First, we’ve already blogged about the recent demise of the presumption against preemption in express preemption cases. See Puerto Rico v. Franklin-California Tax-Free Trust, 136 S. Ct. 1938, 1946 (2016) (“because the statute contains an express pre-emption clause, we do not invoke any presumption against pre-emption”) (citation and quotation marks omitted). While not a good thing for implied preemption generally, this difference between implied and express preemption is also a vivid demonstration of the principle that express and implied preemption operate independently. As the Supreme Court previously held in one of our favorite cases:
Respondent also suggests that we should be reluctant to find a pre-emptive conflict here because Congress included an express pre-emption provision. . . . To the extent respondent posits that anything other than our ordinary pre-emption principles apply under these circumstances, that contention must fail . . . .
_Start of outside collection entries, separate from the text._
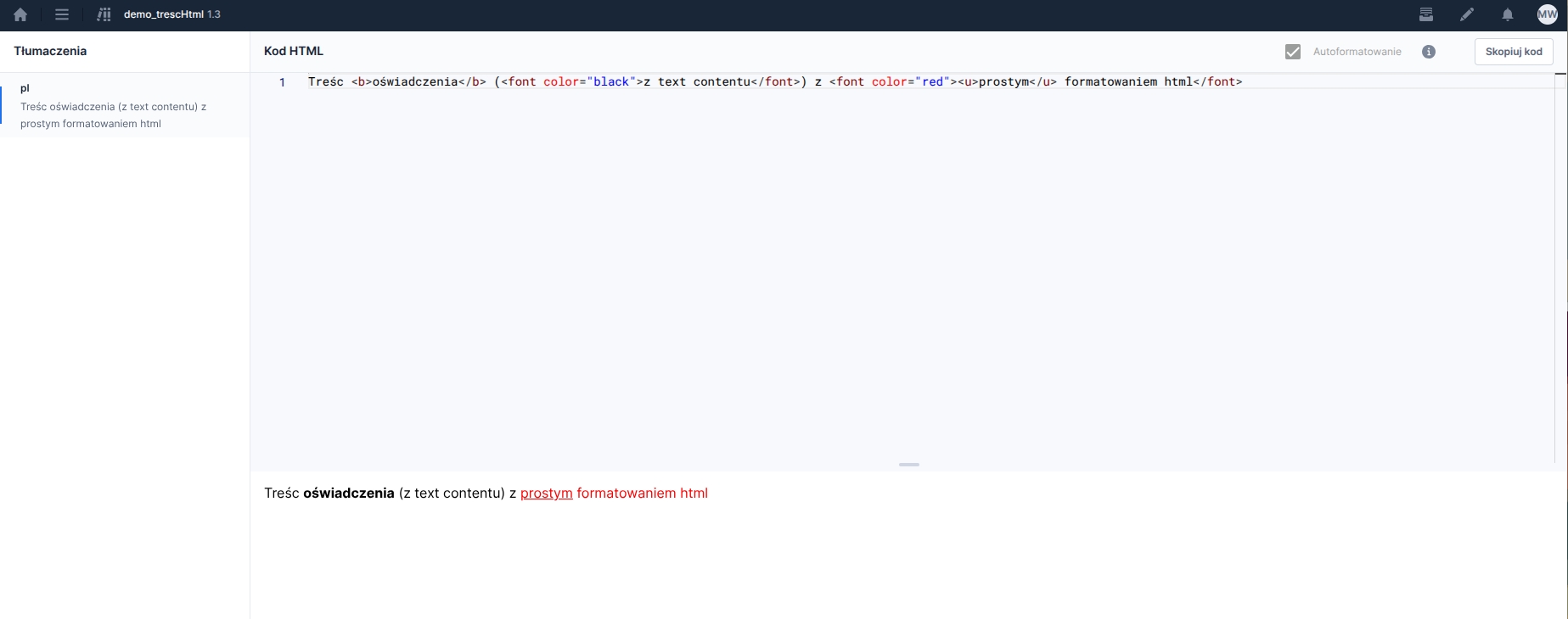 After navigating to a specific content item, you can start editing the artifact and save its new version. Available translations are displayed on the left, and on the right the HTML code preview and the target appearance of the content (rendered HTML) are shown.
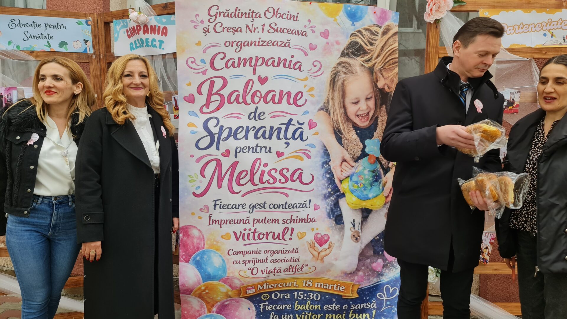 Uniți suntem mai puternici la greu și dăm o șansă binelui – asta au demonstrat miercuri părinții copiilor de la Creșa Nr. 1 Suceava și Grădinița Obcini, care, împreună cu cadrele didactice, au organizat o strângere de fonduri mai aparte – ”Baloane de speranță pentru Melisa”. Rezultatul a depășit toate așteptările, fiind strânși din donații și vânzări de bunuri 14.600 de lei și 50 de euro, pentru ajutorarea Melisei, o fetiță de 8 anișori, cu probleme grave, care a fost prezentă la eveniment, împreună cu mama sa. Pentru ea există speranțe de mai bine de la un tratament revoluționar, cu celule stem.
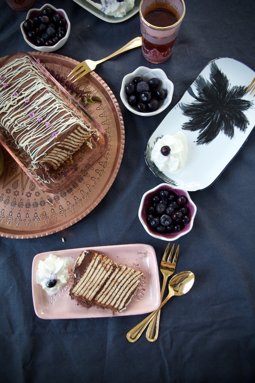 Ein Paar kleinen Unterschiede gibt es schon, denn die persische Version ist nicht so hart und fest (Schokolade), sondern ganz fluffig und weich (Schokocreme). Ausserdem habe ich die Kekse nicht von unten nach oben geschichtet, sondern lege sie vertikal, also aufrecht in die Backform. Wer keine Lust auf exaktes Schichten hat, kann auch einfach die Butterkekse Ruck Zuck zerkleinern und in die Backform füllen. Kinderleicht und Ruck Zuck zubereitet, ist mein Kühlschrankkuchen der perfekte Kuchen für den Nachmittagstee oder einen Geburtstag.
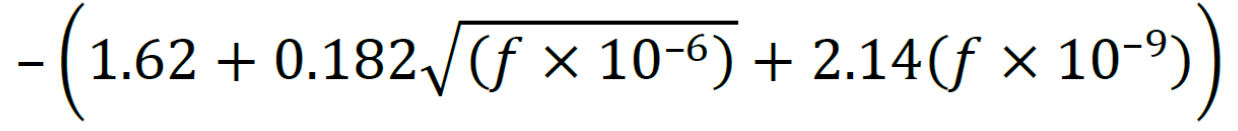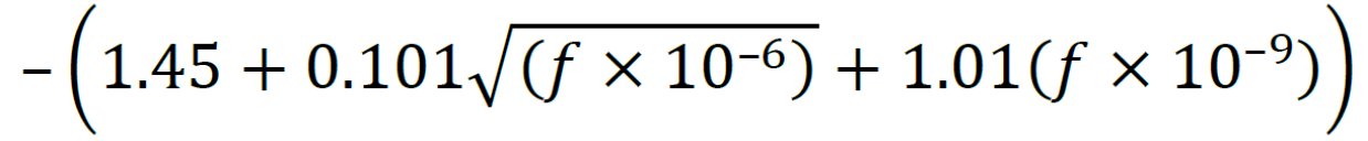 800–3000 | – 16.9+ 8(𝑓 × 10–9– 1)/1.5 | |

Buckman Co. v. Plaintiffs’ Legal Committee, 531 U.S. 341, 352 (2001). See also: Spreitsma v. Mercury Marine, 537 U.S. 51, 65, 123 S.Ct. 518, 154 L.Ed.2d 466 (2002); Geier v. American Honda Motor Co., 529 U.S. 861, 869 (2000); Freightliner v. Myrick, 514 U.S. 280, 288-289 (1995). The combination found in §379r of preemption and savings clauses do not “create some kind of ‘special burden’” that would “specially disfavor pre-emption.” Geier, 529 U.S. at 870.
Mensing/Bartlett preemption, of course, depends on what we call the “independence principle.”
[W]hen a party cannot satisfy its state duties without the Federal Government’s special permission and assistance, which is dependent on the exercise of judgment by a federal agency, that party cannot independently satisfy those state duties for pre-emption purposes.
Mensing, 564 U.S. at 623-24. Accord Bartlett, 133 S.Ct. at 2470 (“federal law prohibits generic drug manufacturers from independently changing their drugs’ labels. Accordingly, state law imposed a duty on [defendant] not to comply with federal law”). That means in the OTC area, as elsewhere, there should be preemption if the defendants can’t do what the plaintiffs are demanding without first going to the FDA.
First, let us point out that the rote response that “this product isn’t a generic drug” is, to put it bluntly, garbage. Three Courts of Appeals have addressed this limitation, and all three have rejected it. Sikkelee v. Precision Airmotive Corp., 822 F.3d 680, 703-04 (3d Cir. 2016); Yates v. Ortho-McNeil Pharmaceuticals, Inc., 808 F.3d 281, 298 (6th Cir. 2015); In re Celexa & Lexapro Marketing & Sales Practices Litigation, 779 F.3d 34, 41 (1st Cir. 2015). Numerous trial courts cited in our drug preemption cheat sheet have held likewise. Thus there is no doctrinal obstacle to Mensing/Bartlett implied impossibility preemption applying to OTC drugs. Sikkelee, after all, involved the design of airplane parts.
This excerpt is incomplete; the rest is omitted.